Oppure….: La Cassazione ribadisce che la mini coltivazione domestica di canapa non costituisce
reato se essa "non si sostanzia nella coltivazione in senso tecnico-agrario ovvero imprenditoriale".
E questo, ricorda piazza Cavour, "per l'assenza di alcuni presupposti, quali la disponibilita' del
terreno, la sua preparazione, la semina, il governo dello sviluppo delle piante, la disponibilita' di
locali per la raccolta dei prodotti e, che, pertanto, rimane nell'ambito concettuale della cosiddetta
coltivazione domestica, ricade nella nozione, di genere e di chiusura, della detenzione, sicche'
occorre verificare se, nella concreta vicenda, essa sia destinata ad un uso esclusivamente
personale del coltivato".
In questo modo, la Sesta sezione penale, con la sentenza 40362, ha respinto il ricorso del
Procuratore generale di Genova che chiedeva di annullare l'assoluzione accordata a Luciano M.,
un genovese che sul balcone di casa coltivava alcune piantine di canapa indiana " a scopo
ornamentale". Secondo la Procura genovese, l'uomo doveva essere condannato perche' "il
legislatore considera pericolosa per la salute pubblica ogni forma di diffusione della droga, e
inoltre, non e' mai possibile, nel momento in cui la coltivazione e' in atto, individuare l'effettiva
futura destinazione delle piante in coltivazione". Piazza Cavour ha respinto il ricorso, affermando
che "la conforme decisione dei due gradi di merito non lascia dubbi sull'accertamento e sulla
valutazione del fatto, ne' sull'assenza della destinazione all'uso di terzi".

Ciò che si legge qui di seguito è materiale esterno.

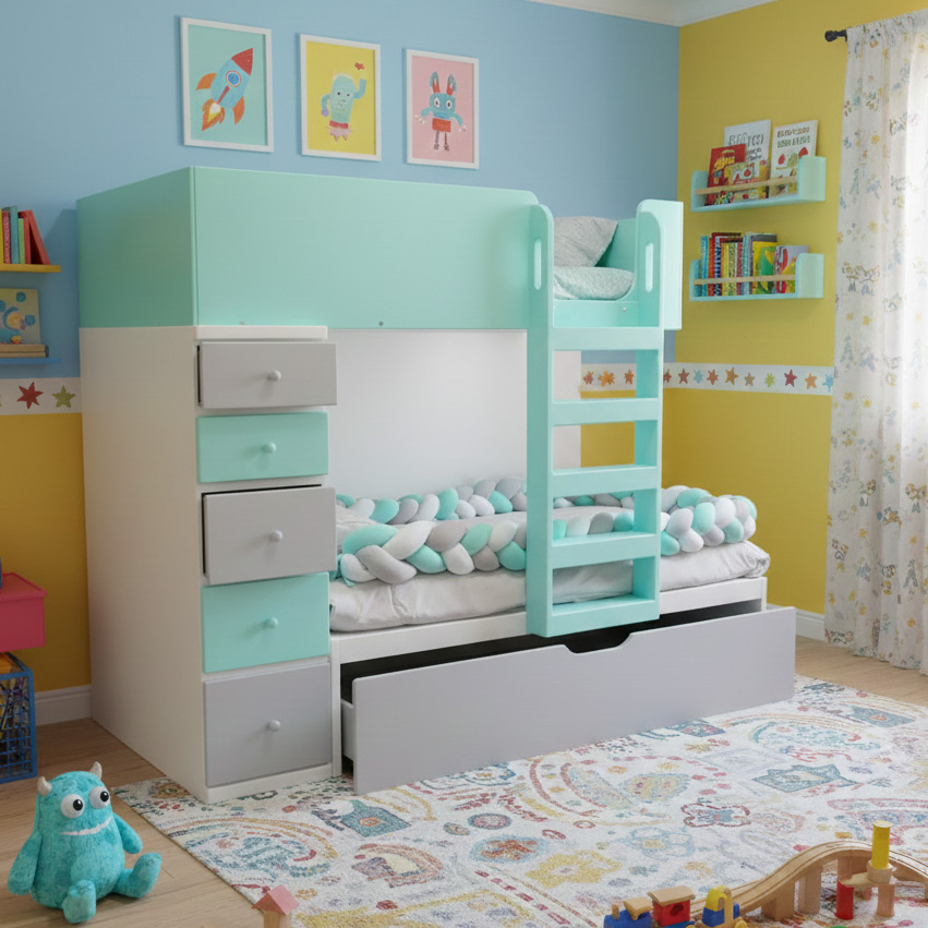 Litera de 3 camas individuales, con cajonera, escalera tipo bombero. Ideal para optimizar el espacio de la recamara de tu Peque, los colores se personalizan.

In questo marasma di interpretazioni controverse, di cui abbiamo riportato solo le più salienti, a noi
operatori di Polizia sta destreggiarsi, e soprattutto su due parametri, proprio secondo l’assunto
che:
"in concreto non e' rilevabile e quindi non e' suscettibile dell'accertamento chiesto al giudice
l'effetto stupefacente in una pianta il cui ciclo non si e' completato e che, quindi, non ha prodotto
sostanza idonea a costituire oggetto del concreto accertamento della presenza dei principi attivi".
Ossia:
1°) Il termine principio attivo indica una sostanza che possiede una certa attività biologica,
includendo tutte le sostanze dotate di effetto terapeutico (farmaci), benefico (vitamine, probiotici) o
tossico (veleni). I principi attivi possono essere sintetici - è il caso della maggior parte dei farmaci -,
semisintetici, come per esempio l'aspirina (acido acetilsalicilico), o naturali, per esempio alcaloidi
ed estratti da piante usate nella medicina tradizionale o in fitoterapia. Tra queste ultime molecole è
importante ricordare la morfina, la nicotina, i terpeni (fra cui il carotene), i glicosidi, come la
digossina e molti altri. I principi attivi delle piante possono essere estratte dal fitocomplesso
attraverso particolari e numerose tecniche estrattive o assunti con la droga. I principi attivi
costituiscono la parte farmacologicamente attiva dei medicamenti, che sono formati anche dagli
eccipienti.
2°) Il momento di sviluppo del principio attivo, ovvero la capacità tossicologica dello stupefacente
di intervenire o alterare il sistema nervoso centrale.
A tal guisa appare oltremodo poco razionale ( anche a seguito delle precedenti pronunce ) l’attuale
decisione, questo perché in una ipotesi di effettivo reato di pericolo la Polizia Giudiziaria dovrebbe
scegliere il momento propizio per l’intervento e sequestro della coltivazione sia essa grande di
ettari sia essa minima di poche piantine sul balcone di casa.
Strada non sicuramente percorribile e non facilmente ipotizzabile per gli operatori di polizia, che di
fatto dovrebbero avvalesi di valenti tecnici agrari, o valutare il ritardato sequestro o ancora
aspettare la “maturazione”, tralasciando non solo “l’effetto sorpresa” ma la vera e propria attività di
P.G. che si sostanzia nell’iniziativa della P.G.” con la possibilità reale che il sequestro sfumi o che
gli indagati si diano alla fuga o inquinino/distruggano le prove….
Prove oggettive che tali non sarebbero secondo la recente sentenza della Suprema Corte….
Sentenza, consentitemi,….da rispettare…ma assurda per chi si trova a dovere intervenire per
fronteggiare il dilagante fenomeno della produzione, spaccio e consumo di sostanze stupefacenti.